Benjamin Ellicott
Benjamin Ellicott was a surveyor, a county judge and a member of the United States House of Representatives from the State of New York.
Born in Bucks County, Pennsylvania in 1765, Benjamin Ellicott accompanied his brothers Andrew and Joseph Ellicott in 1789 to the British Province of Upper Canada in a survey to determine the western boundary of the State of New York. During 1791, 1792 and 1793, he assisted his brothers in the survey and mapping of the future City of Washington and in the survey of the original boundaries of the District of Columbia. During November–December 1792, he led a survey that helped settle a boundary dispute within the present Ontario County in western New York state. From 1794-1797, he was employed as a surveyor and draftsman for the Holland Land Company, assisting his brother Joseph in surveys of the company's lands in western Pennsylvania. In 1798, he was in charge of the company's surveys in western New York. In 1803, he became one of the first judges of the Court of Common Pleas of Genesee County, New York in Batavia.

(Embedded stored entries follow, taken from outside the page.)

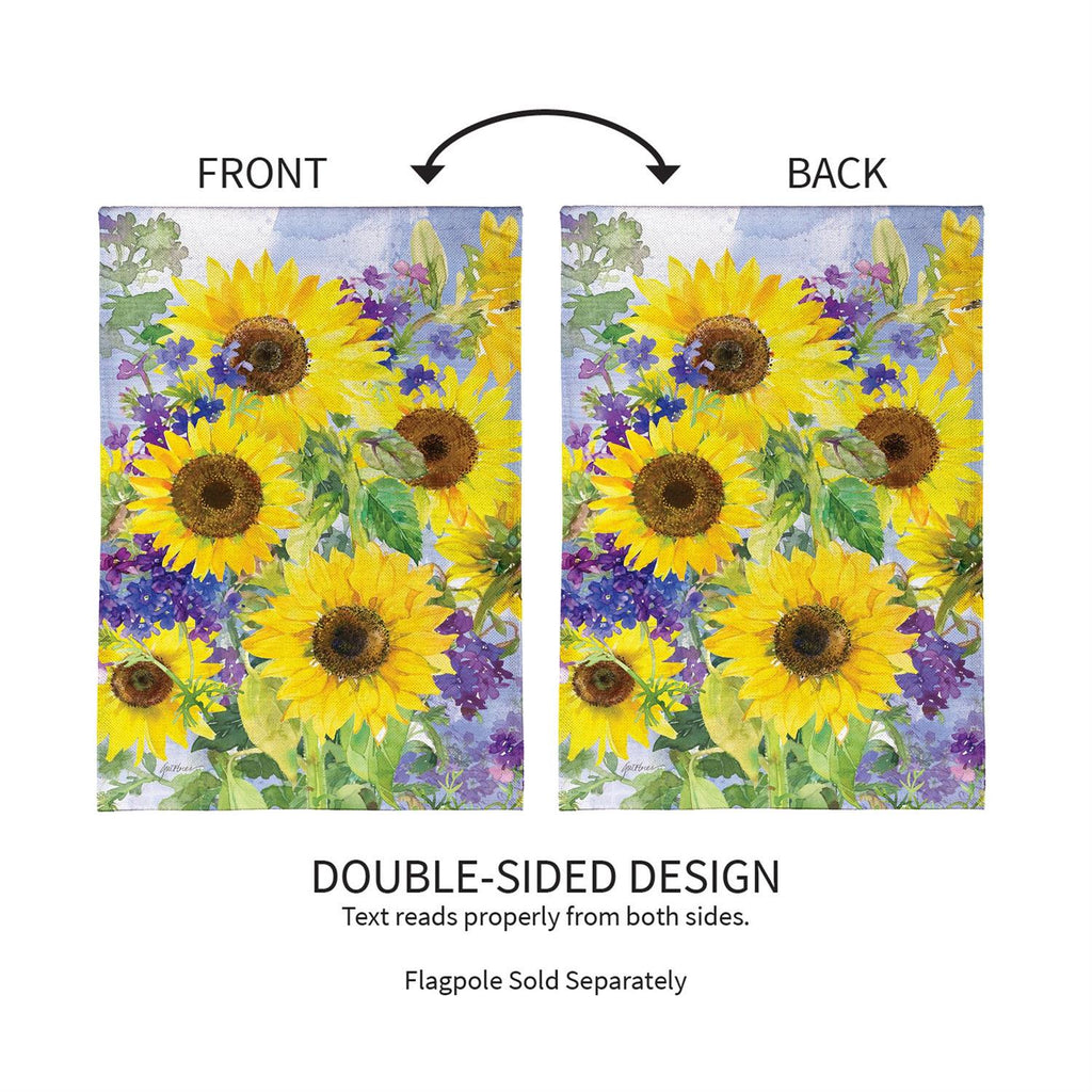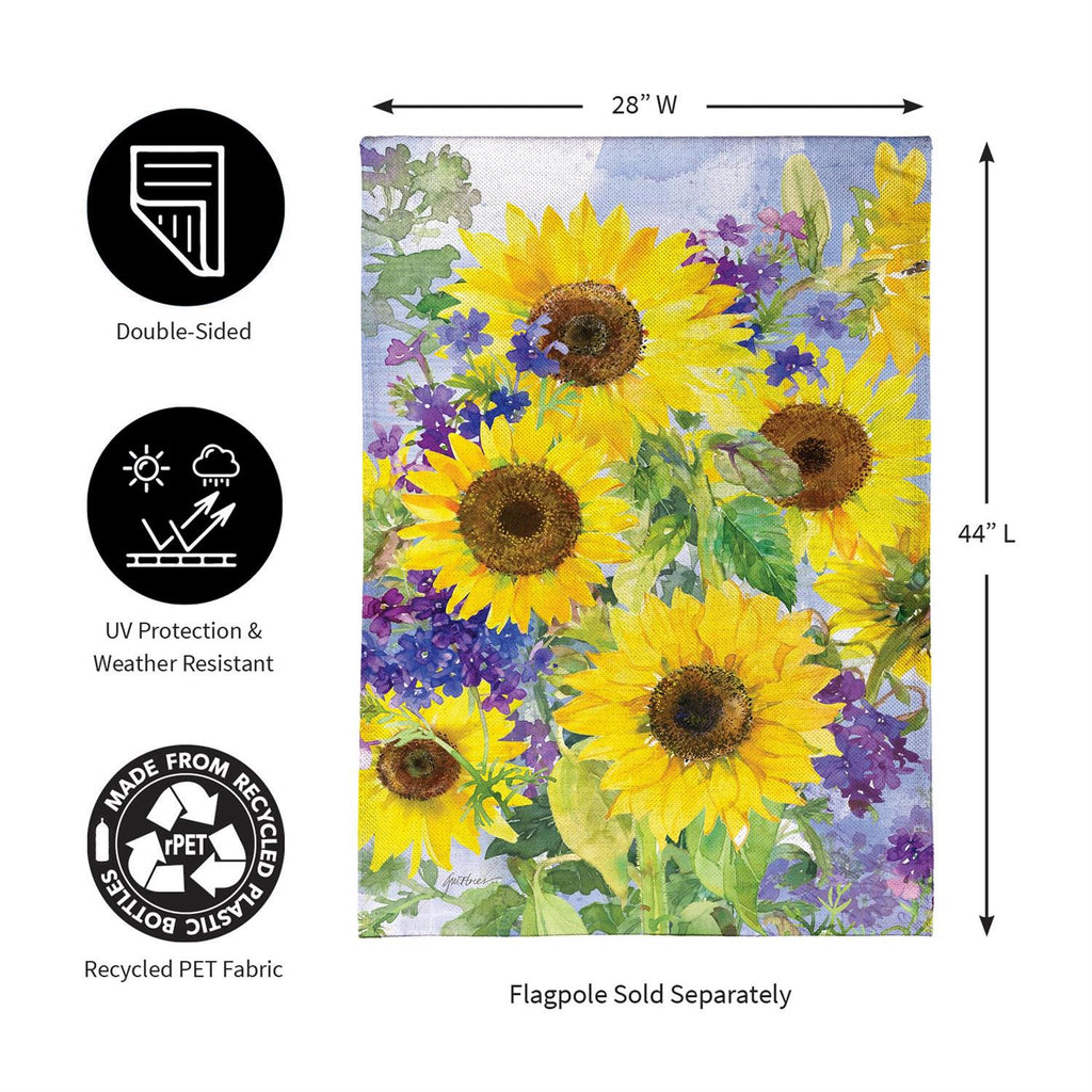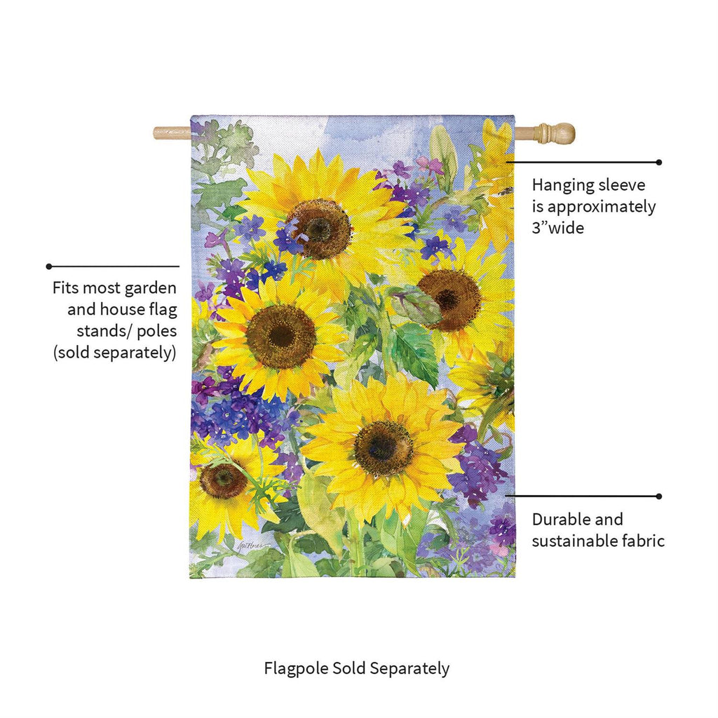 Bring vibrant charm to your outdoor space with the Sunflower Happiness Burlap House Flag. This beautifully designed flag showcases a stunning array of sunflowers and wildflowers, providing a burst of color that enhances any garden setting. Crafted from durable burlap, it withstands the elements while maintaining its vivid appearance. Measuring 44 inches in length and 28 inches in width, this flag is the perfect size to make a cheerful statement. Ideal for spring and summer, it adds a welcoming touch to your home's exterior.
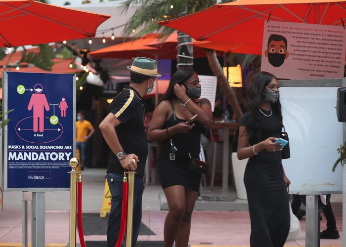 People leave the Ocean 10 restaurant as a curfew from 8 p.m. to 6 a.m. is put in place on Saturday in Miami Beach, Florida.
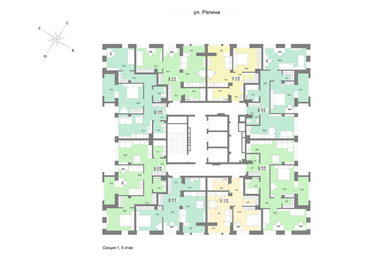 продам 2-к, Репина, 2413 974 900 ₽
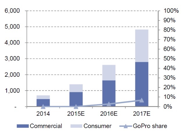 份额对于大疆来已经没有太大的意义,因为市占率并不能反映全部现实:在大疆的七成无人机份额背后,是个越来越大的市场。所以大疆在 2015 年的最大任务并不只是抢市占率,而是要把无人机行业的大饼做大。
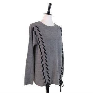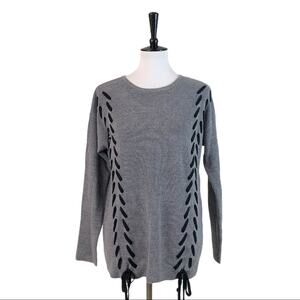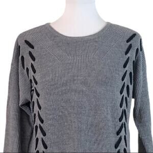 Roz & Ali Gray Black Ribbon Knit Knit Crew Neck Sweater Women's Size Medium
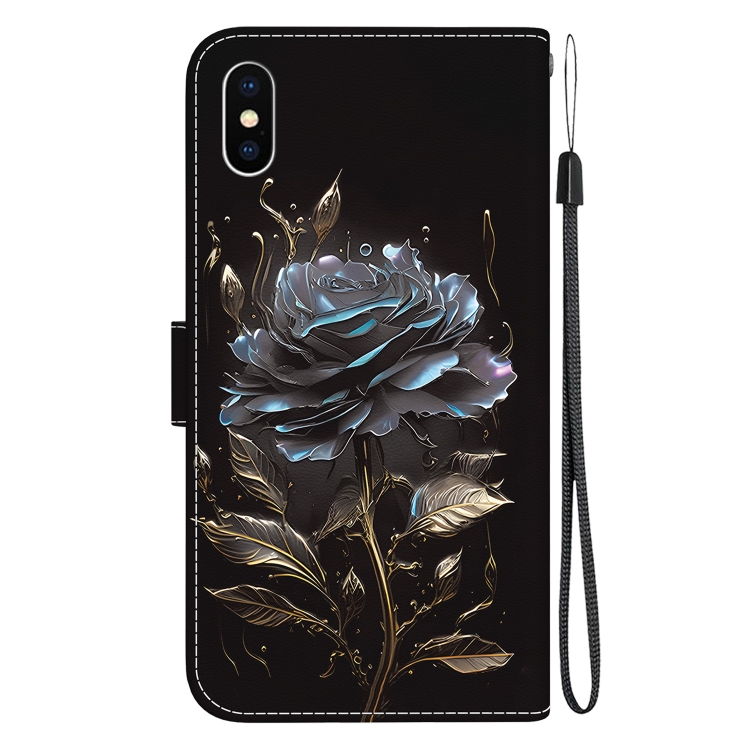 Funda para teléfono iPhone Xs / X cuero dibujo coloreado textura cristal (Rosa Negra)
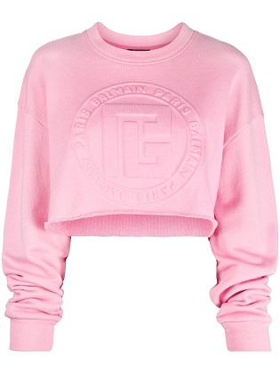 ショートスウェットシャツでフロントのロゴデザインがシャドーになっているのもおしゃれ!
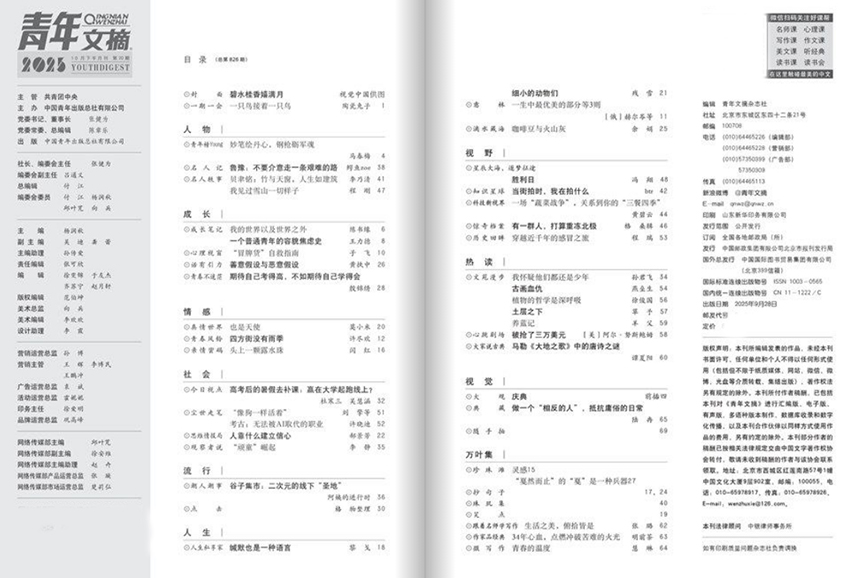 雜志的使命,不僅是傳遞信息,更是塑造人格、點(diǎn)燃理想。它相信,每一篇文章都可能成為一粒種子,在年輕人心中生根發(fā)芽;每一次閱讀,都可能是一次心靈的覺(jué)醒。在喧囂的時(shí)代里,它始終堅(jiān)守著對(duì)真善美的追求,為青春注入力量,為未來(lái)播種希望。這本承載著幾代人青春記憶的刊物,將繼續(xù)以文字為舟,以思想為帆,引領(lǐng)一代又一代青年,在人生的航程中,駛向更加遼闊的海洋。
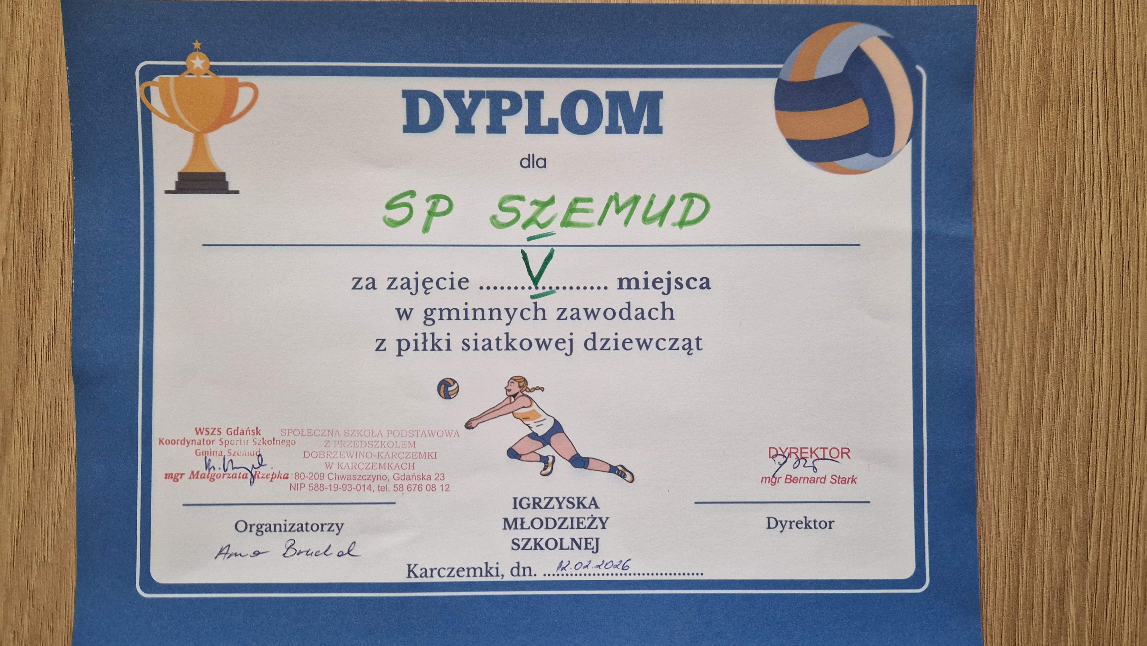 Skład SP Szemud: Patrycja Klecha, Agata Labuda, Rozalia Pranczk, Roksana Samp, Julia Ziemman, Patrycja Szymańska, Kornelia Kulerz- Prządka, Oliwia Lezner, Nikola Szymańska.
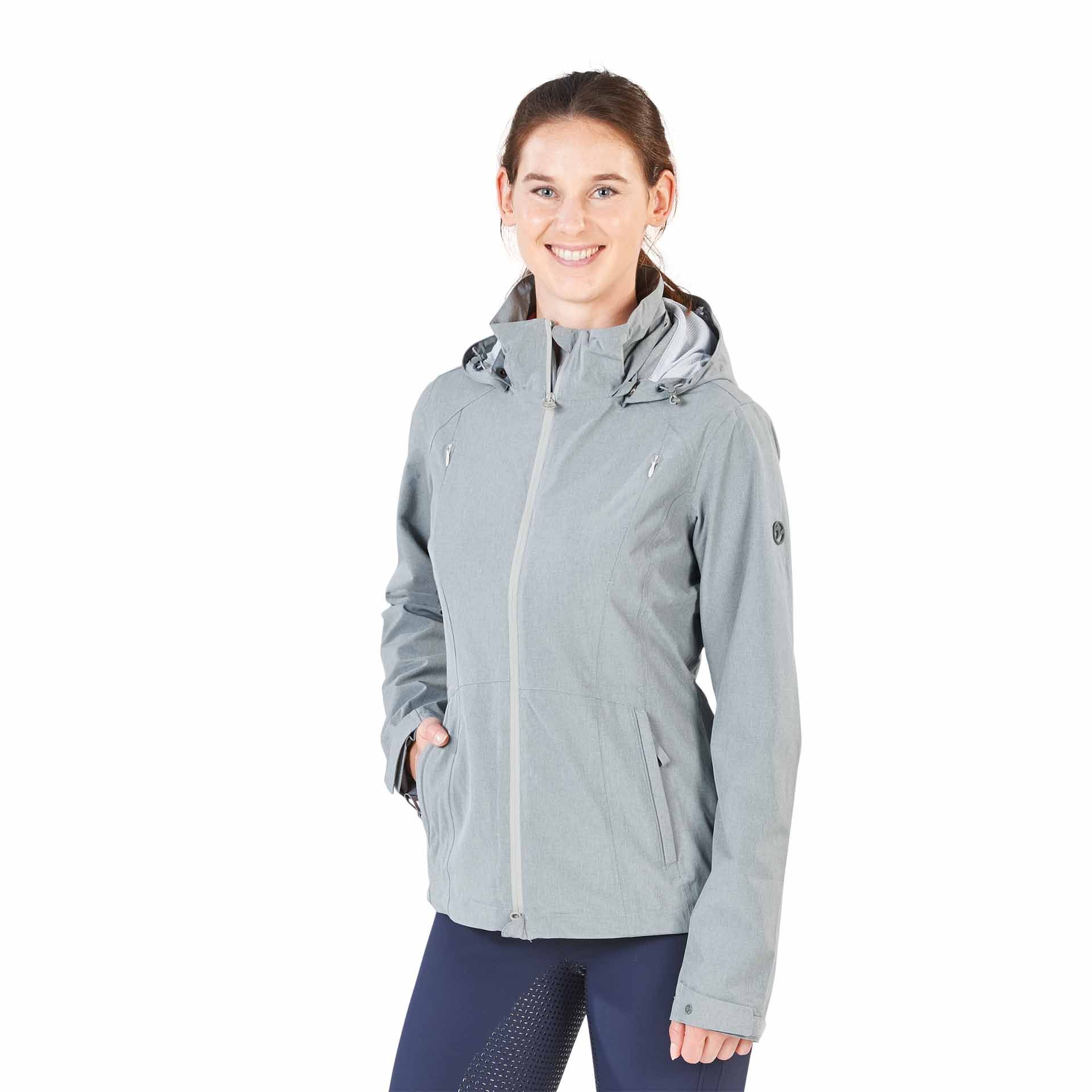 This jacket, especially for riders, offers a waterproof 2-way main stream with chin and hem protection as well as saddle protection to protect the leather. It has unobtrusive ventilation zippers on the breast seams, with network fabric, reflective piping on the pockets and in the lumbar area, an internally adjustable, elastic trim of cord in the waist area for individual adaptation and a regulator and removable hood that can be fixed for riding in the back area. // P>

Ellicott was elected as a Democratic-Republican representative from New York to the Fifteenth Congress. He was an unsuccessful candidate for election in 1820 to the Seventeenth Congress. He then retired from active life and in 1826 moved to Williamsville, New York, where he died December 10, 1827. He was interred in the graveyard at Williamsville. He was reinterred in Batavia Cemetery, Batavia, New York, in 1849.